An important case for schemes which have undergone Barber equalisation and which have allowed unreduced early retirement before the new equalised NRD.
Background to the case
The scheme introduced an NRD of age 65 for all members on 16 August 1993 (the Barber equalisation date). Before then, NRD was the usual age 60 for women and age 65 for men. This meant that for women, pension built up before the Barber equalisation date had an NRD of age 60 and other pension had an NRD of age 65. For men, pension built up in the period from 17 May 1990 to the Barber equalisation date (the Barber window) had an NRD of age 60 and other pension had an NRD of age 65.
The scheme allowed early retirement from age 50 with employer consent. The method for calculating early retirement pensions changed several times:
- Until 1993: a 0.5 per cent reduction applied for each month pension was taken before NRD;
- 1993 to April 2002: pensions were reduced by 0.5 per cent for each month pension was taken before age 60 or on such other basis as the scheme trustees decided;
- April 2002 to 30 March 2003: the reduction was set by the trustees at a level they considered reasonable, having regard to, amongst other things, the period between the start of pension and age 60;
- from 1 April 2003: future pensionable service was subject to a reduction for each month pension was taken before age 65.
Company practice (and the position communicated to members) until 1 April 2003 was to allow early retirement with a 0.5 per cent reduction for each month pension was taken before age 60.
What the Court was asked to decide
The Court was asked two main questions.
Firstly, on early retirement, could pensions built up before 1 April 2003 be reduced for each month they were taken before age 65?
Secondly, what benefits were payable to members who have benefits determined partly by reference to an NRD of age 60 and partly by reference to an NRD of age 65? Three alternative options were considered:
- members were entitled to a pension at age 60 with only that part built up after 30 March 2003 reduced where pension was paid before age 65;
- members were entitled to a pension at age 60 with that part calculated by reference to an NRD of age 65 reduced where taken before age 65;
- member’s pensions were payable in two parts – that determined by reference to an NRD of age 60 at age 60 and that determined by reference to an NRD of age 65 at age 65.

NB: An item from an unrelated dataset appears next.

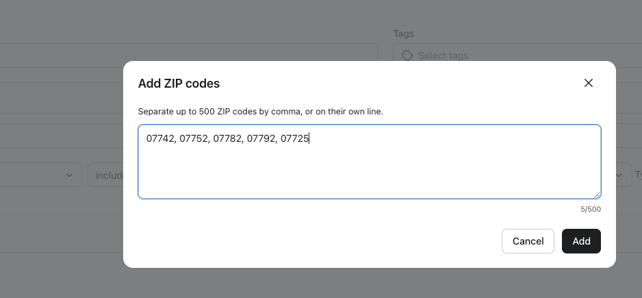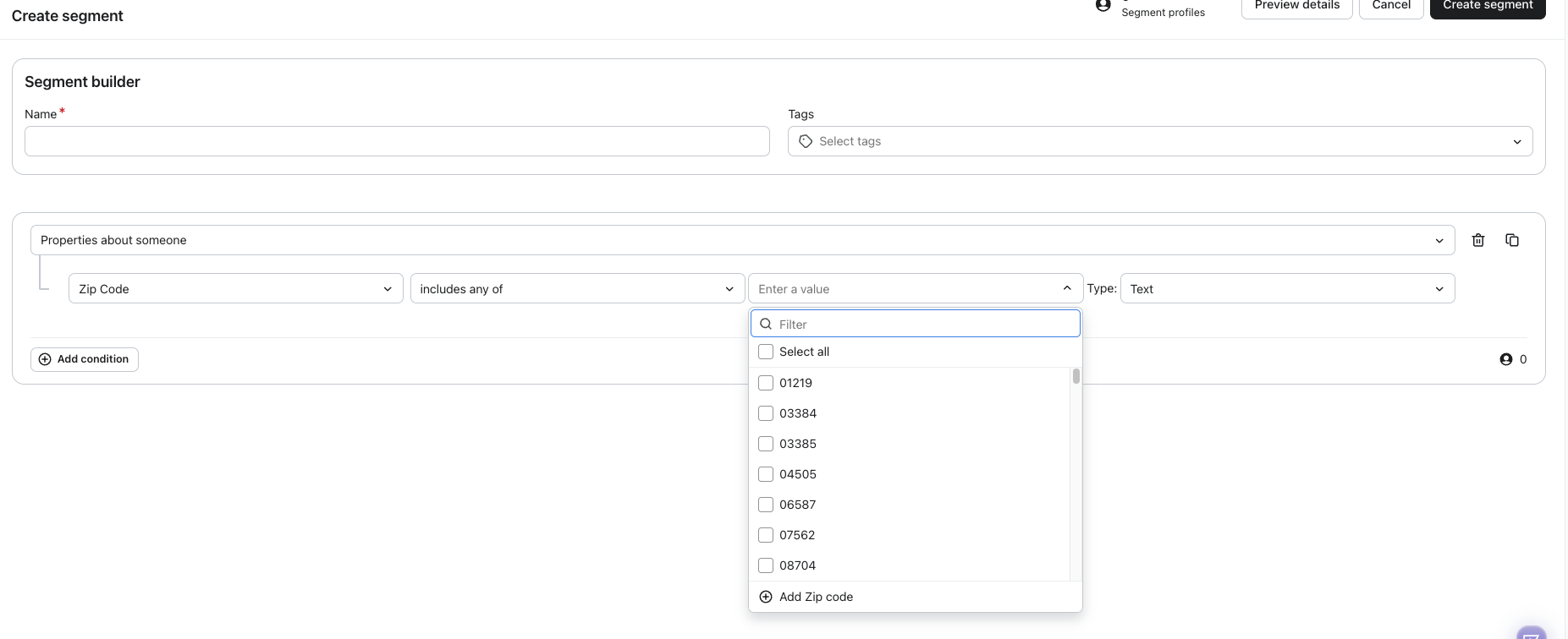 Wenn du Postleitzahl auswählst, wird im Segment-Builder standardmäßig der Operator „enthält eine beliebige von“ verwendet, der die Auswahl mehrerer Postleitzahlen unterstützt. Du kannst bis zu 500 Postleitzahlen aus dem Drop-down-Menü auswählen und auf „Postleitzahl hinzufügen„ klicken, um bis zu 500 Postleitzahlen gleichzeitig hinzuzufügen.

The scheme’s principal employer argued for the final alternative.
The Court’s decision
On the question of the early retirement reduction, the Court decided that pensions built up before 1 April 2003 could be reduced only for the period up to age 60. This was for the following reasons:
* because of company practice and the position communicated to members, the references in the scheme rules which applied between 1993 and April 2002 - to the trustees being able to decide an alternative basis for reducing pension - only allowed the trustees to vary the default 0.5% per month reduction applicable to retirement before age 60. The rules did not give a power to make a reduction for early payment after age 60;
- in the rules introduced in April 2002 - providing for the trustees to set the early retirement reduction, having regard to amongst other things, the period between the start of a pension and age 60 –the reference to amongst other things did not give the trustees power to apply any reduction where pension was taken after age 60. Key to this decision were two facts. Firstly, the previous version of the rules allowed reductions only to pensions taken before 60 - the reference to amongst other things was not intended to preserve some preexisting power to apply a reduction to age 65. Secondly, the express provision introduced on 1 April 2003 to take into account the period up to age 65 for pension built up from then evidenced the fact that this power has not existed previously.
On the question of what pension is payable, the Court decided:
- that members with any part of their pension calculated by reference to an NRD of age 60 have a right to take pension at that age;
- that EU law imposes only minimum requirements on schemes about providing equal benefits to men and women. It allows flexibility in how equal pay is provided. The effects of changes to schemes to comply with equalisation requirements need to be considered on a scheme specific basis;
- that the mechanism for payment of the pension was the scheme’s early retirement rule. Under this employer consent would be deemed to be given at age 60. It followed that on the interpretation of the early retirement rule, on retirement at age 60, only that part
of pension built up from 1 April 2003 would be reduced; the employer argued that Barber rights should not be seen as being provided through the early retirement rule and this is likely to form one of the main grounds for the appeal in this case;
- to reject the two part payment approach. This was on the basis the scheme provided for payment only of a single pension and that EU law did not require such an approach.
The impact of the decision
This is the latest in a series of recent cases demonstrating that, almost 20 years after the original ruling in the Barber case - that male and female members have to be provided with equal benefits from 17 May 1990 - there is still much confusion about what benefits schemes have to pay.
In this case, the effect of the decision is to increase the scheme’s deficit by around 30 per cent to £130 million. If the Court of Appeal upholds the decision it is likely to have serious financial implications for many other schemes. Trustees and employers will need to undertake a careful analysis of their schemes’ rules relating to equalisation and early retirement.
The decision also shows the importance of not interpreting scheme rules literally and in isolation from a scheme’s other rules. To understand a rule properly, it is necessary to understand the original intention behind the rule. To do this, it is important to look at the circumstances existing at the time the rule was introduced.